**EXERCISE DESCRIPTION:**
Among the entries below, only the lines from the one with "Hướng dẫn bảo" through the one with "4.炒鍋中的水分幹後,倒入適" are wanted, reproduced exactly. Pictures are not wanted.

**GIVEN DATA:**

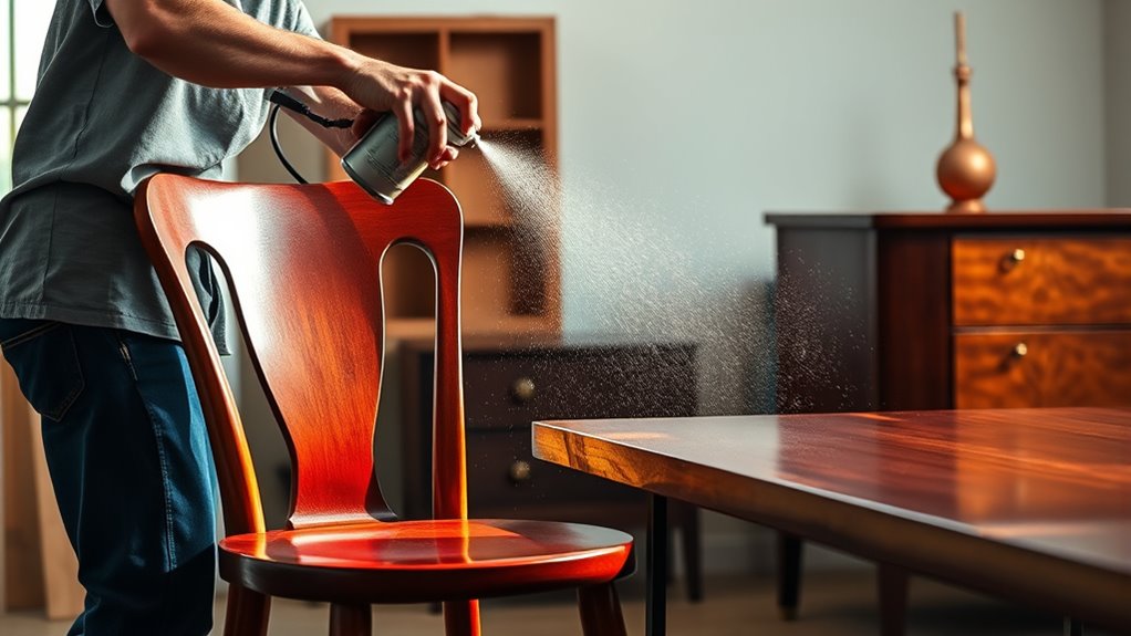 To spray furniture like chairs, tables, and dressers, start by choosing the right color and preparing the surface with cleaning and sanding. Use a quality spray gun or aerosol spray, holding it 6-12 inches from the piece, and apply multiple thin coats with smooth, overlapping strokes. Maintain a steady hand and consistent technique to avoid drips and streaks. If you want to master these tips and create a professional finish, keep exploring for more insights.
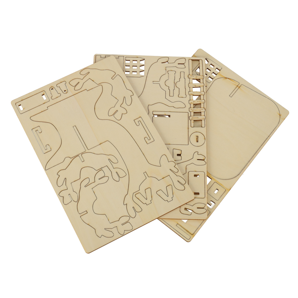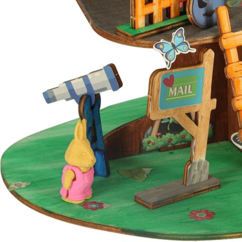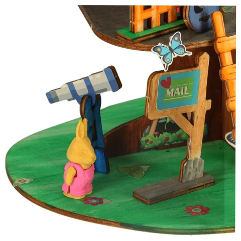 W zestawie znajdują się drewniane elementy, które należy połączyć, tworząc stabilny domek. Dołączone kolorowe farby pozwalają na pełną personalizację drewnianej konstrukcji. Cztery kolorowe figurki dodają uroku całej scenerii i inspirują do tworzenia unikalnych, kreatywnych opowieści, w których domek na drzewie zyskuje wyjątkowych mieszkańców.
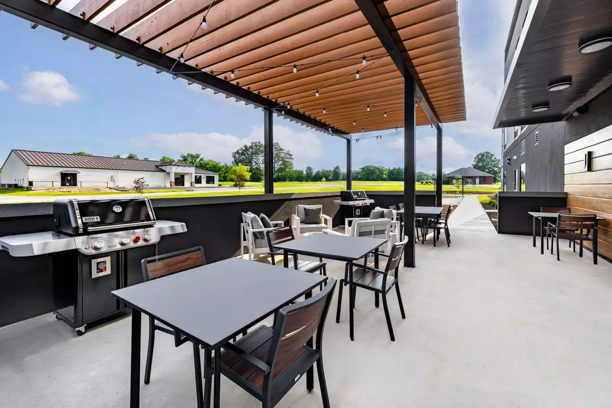Outdoor patio at LivSmart Studios by Hilton Tullahoma. The hotel is the first for LivSmart Studios, a new extended-stay brand that blends the comfort and functionality of studio apartment-style accommodations with the consistency, value and hospitality travelers expect when they stay with Hilton. (Photo: Hilton)
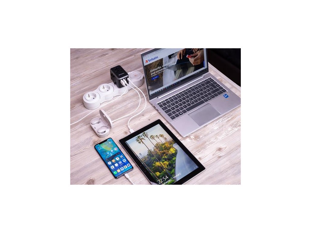 Univerzálny cestovný adaptér Verbatim je možné používať vo viac ako 180 krajinách: možno ho pripojiť k akémukoľvek miestnemu zdroju napájania na svete a dobíjať zariadenia náročné na energiu, ako sú notebooky a batérie do fotoaparátov. Porty USB-C a USB-A na spodnej strane môžete použiť na nabíjanie akéhokoľvek zariadenia USB. - kompaktný a bezpečný: certifikované FCC, UKCA, CE a ROHS - vyrobený z vysoko kvalitného ohňovzdorného polykarbonátového materiálu - má detské bezpečnostné poistky (možno otvoriť silou minimálne 75 N (7,5 kg) na otvor) - typy konektorov akceptované adaptérom: Typ A, B, C, E, F, G, I, J, L, N - Upozorňujeme, že nasledujúce zástrčky nie sú kompatibilné: Typ D, Typ H, Typ K, Typ M, Typ O -zásuvky, ku ktorým je možné pripojiť cestovný adaptér: Typ A, B, C, D, E, F, G, H, I, J, K, L, M, N, O - podporuje PD 20W a QC 3.0 rýchle nabíjanie -formáty konektorov: EU, UK, USA/Japonsko, AUS -1 x USB-C napájanie 61 W a Quick Charge 3.0 výstup: 18 W -1 x USB-C výstup: max. 12W - 3 x výstup USB-A: max. 12W -nabíjanie 6 zariadení súčasne -kvalifikovaná poistka + náhradná poistka -AC vstup: 100V-250V, 50/60Hz -menovitý výkon: 100-250 Vac 10A Max, 2500W Max -USB-C1 PD/QC: 5,0 V 3 , 0 A 15,0 W, 9,0 V 3,0 A 27,0 W, 12,0 V 3,0 A 36,0 W, 15,0 V 3,0 A 45,0 W, 20,3 V 3,0 A 61,0 W -USB-C2: 5,0 V 2,0 W A1/2 V 2,0 /3: 5,0 V 2,4 A 12,0 W -poistka: kompatibilná s BS1362 - NIE JE menič napätia - len na vnútorné použitie - 2-ročná obmedzená doživotná zárukaDodatočné parametre
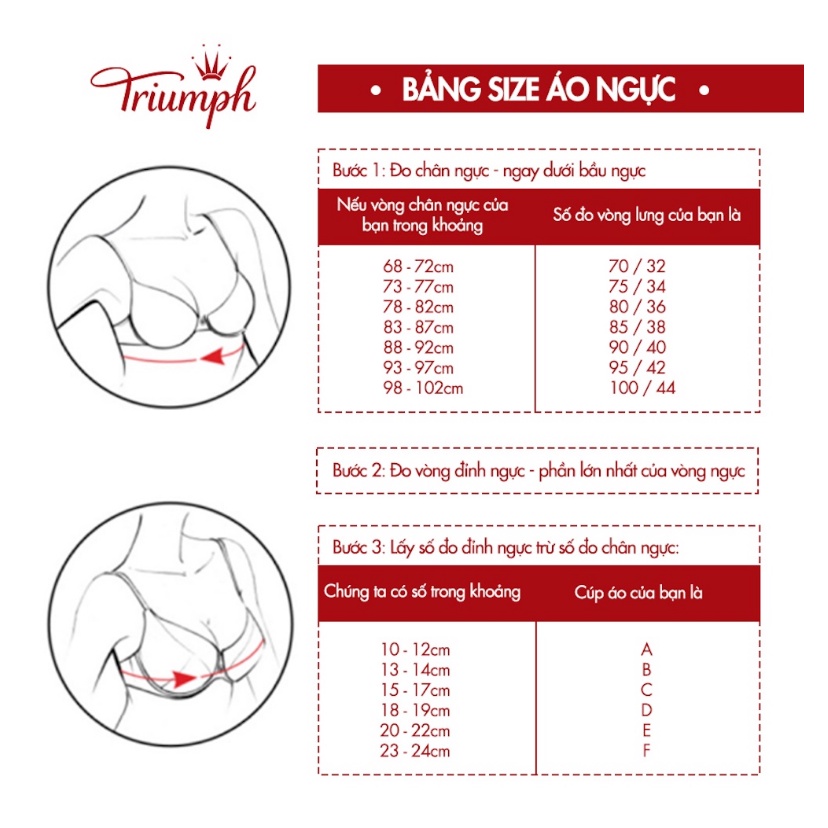 Hướng dẫn bảo quản áo ngực Triumph: - Giặt bằng tay ở nhiệt độ thường - Không sử dụng chất tẩy - Nên phơi ở nơi khô ráo, thoáng mát
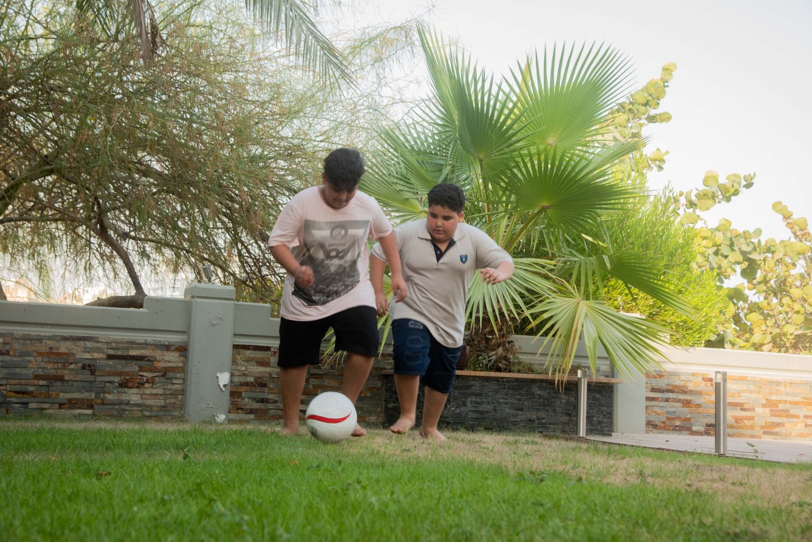Crianças com sobrepeso jogam bola
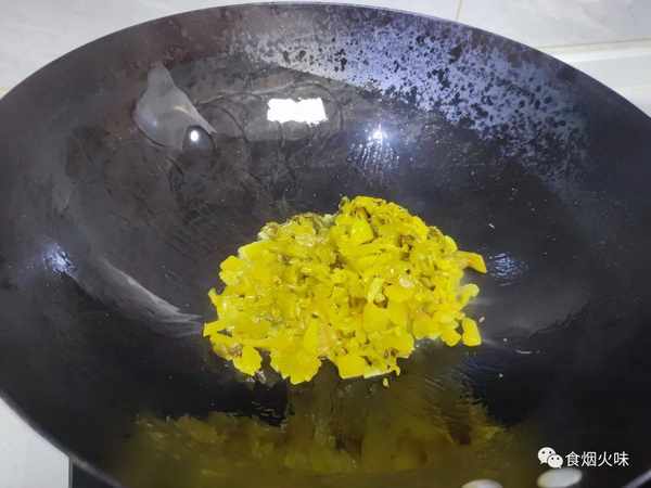 4.炒鍋中的水分幹後,倒入適量的油,油熱後,我們將切好的酸菜放入油鍋中用小火炒香。酸菜下鍋炒個三十秒,這樣子炒出來的酸菜口感才會好,而且味道特別鮮美;
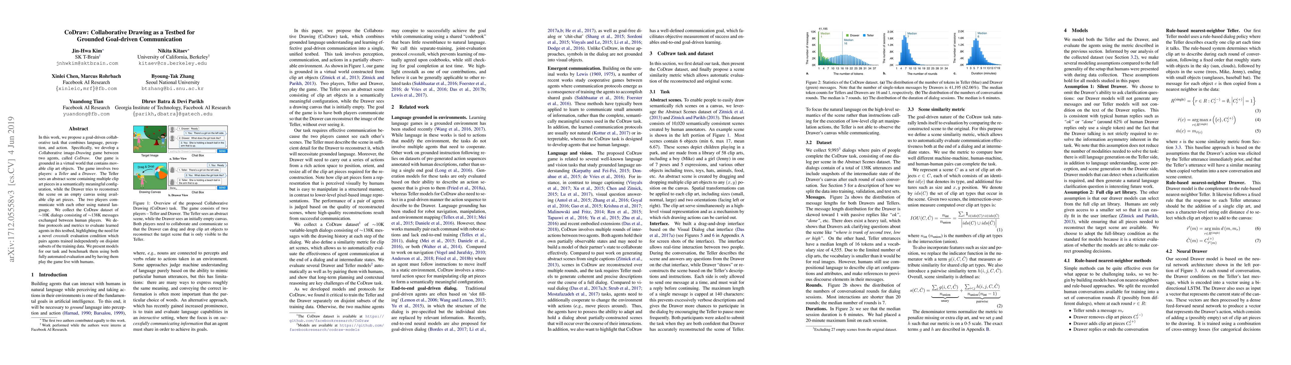 Researchers developed CoDraw, a collaborative drawing game to test goal-driven communication, and collected 10K dialogues with ~138K messages between human players to evaluate learned agents.
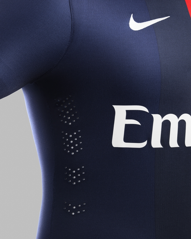 PSGの2014-15モデルは、10年ほど前から定着している紺に近い青をベースに、赤と白のツートンカラーのラインを中央に配置。過去に意外とありそうでなかったデザインで、写真だと分かりづらいが身頃の中央部分はやや濃いめの青を採用している。
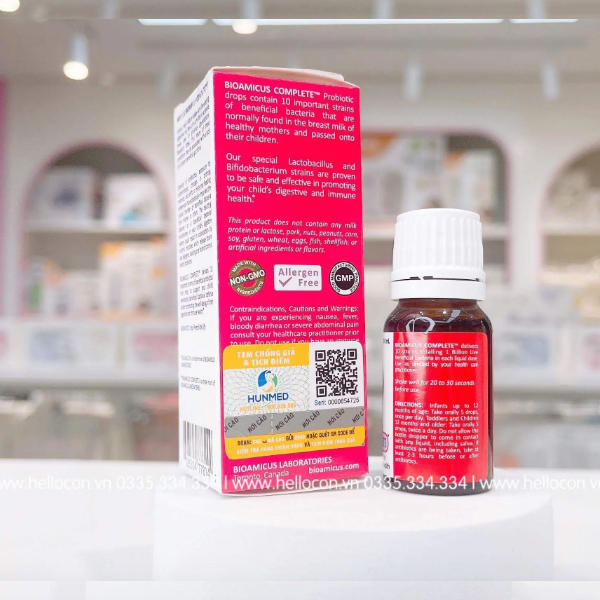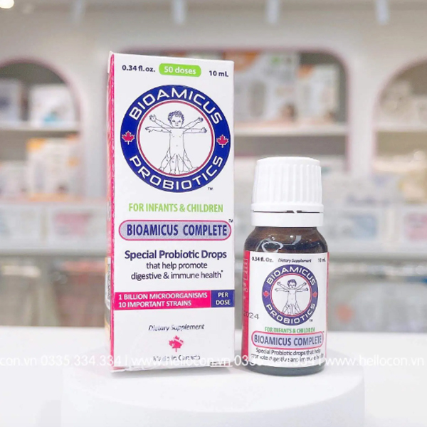 Men vi sinh 10 chủng Bioamicus Complete là sản phẩm được nhập khẩu nguyên chai đến từ Canada. Đây là sản phẩm được ví như một hệ vi sinh đường ruột thu nhỏ cùng công thức đột phá chứa 10 chủng lợi khuẩn cần cho đường ruột của trẻ. Chỉ cần sử dụng từ 5-10 giọt trong một ngày sẽ giúp bé con của bạn cải thiện được tình trạng biếng ăn, kém hấp thụ hay rối loạn tiêu hóa một cách hiệu quả. Sản phẩm hiện có bán tại Hellocon.vn.
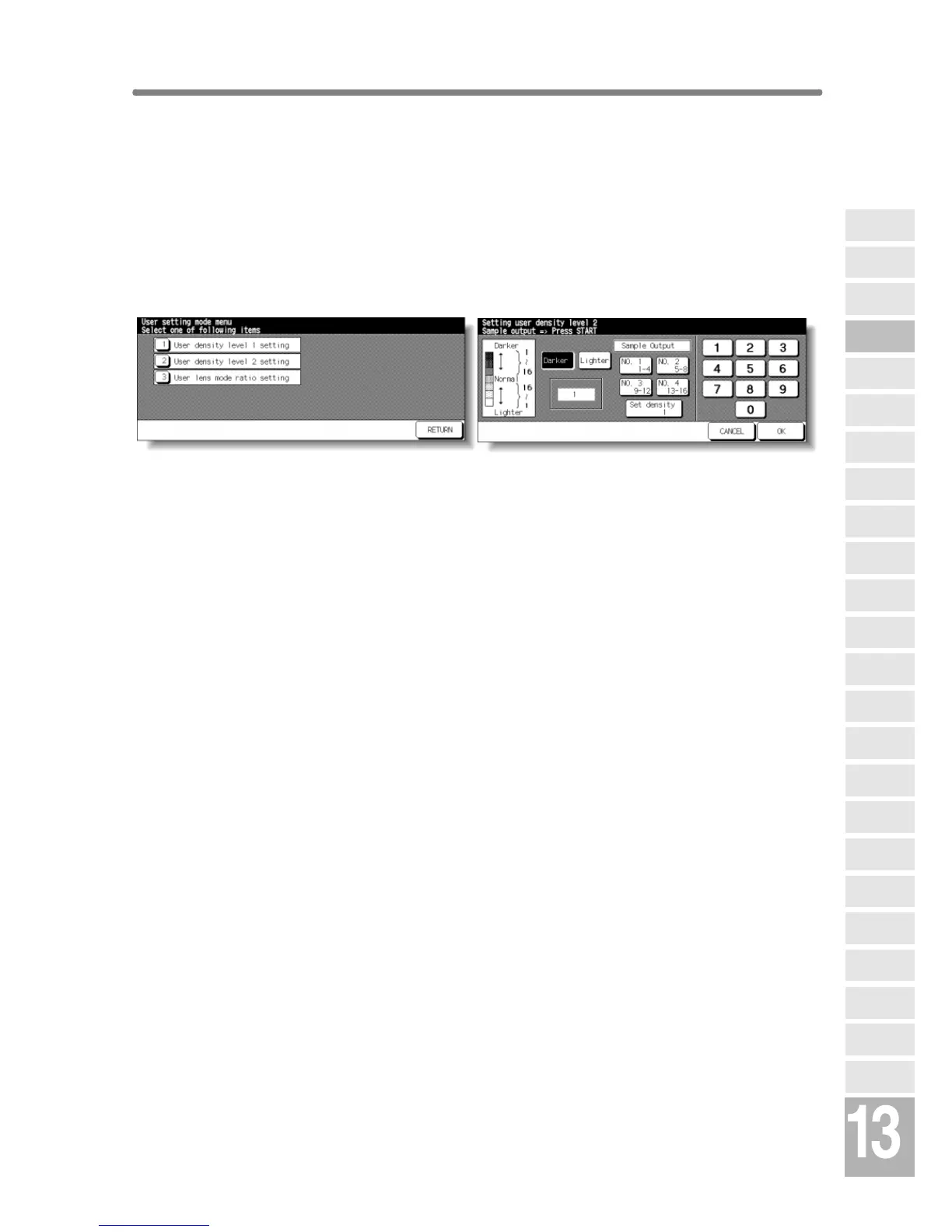 User Setting Mode Menu Screen User Density Level 2 Setting Screen
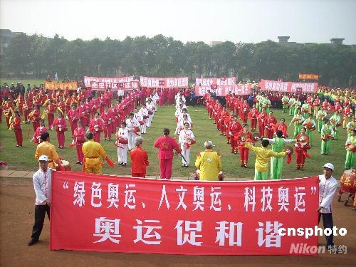 圖:四川彭山組織迎奧運(yùn)千人健步行

**OUTPUT OF THE EXERCISE:**
 Hướng dẫn bảo quản áo ngực Triumph: - Giặt bằng tay ở nhiệt độ thường - Không sử dụng chất tẩy - Nên phơi ở nơi khô ráo, thoáng mát
Crianças com sobrepeso jogam bola
 4.炒鍋中的水分幹後,倒入適量的油,油熱後,我們將切好的酸菜放入油鍋中用小火炒香。酸菜下鍋炒個三十秒,這樣子炒出來的酸菜口感才會好,而且味道特別鮮美;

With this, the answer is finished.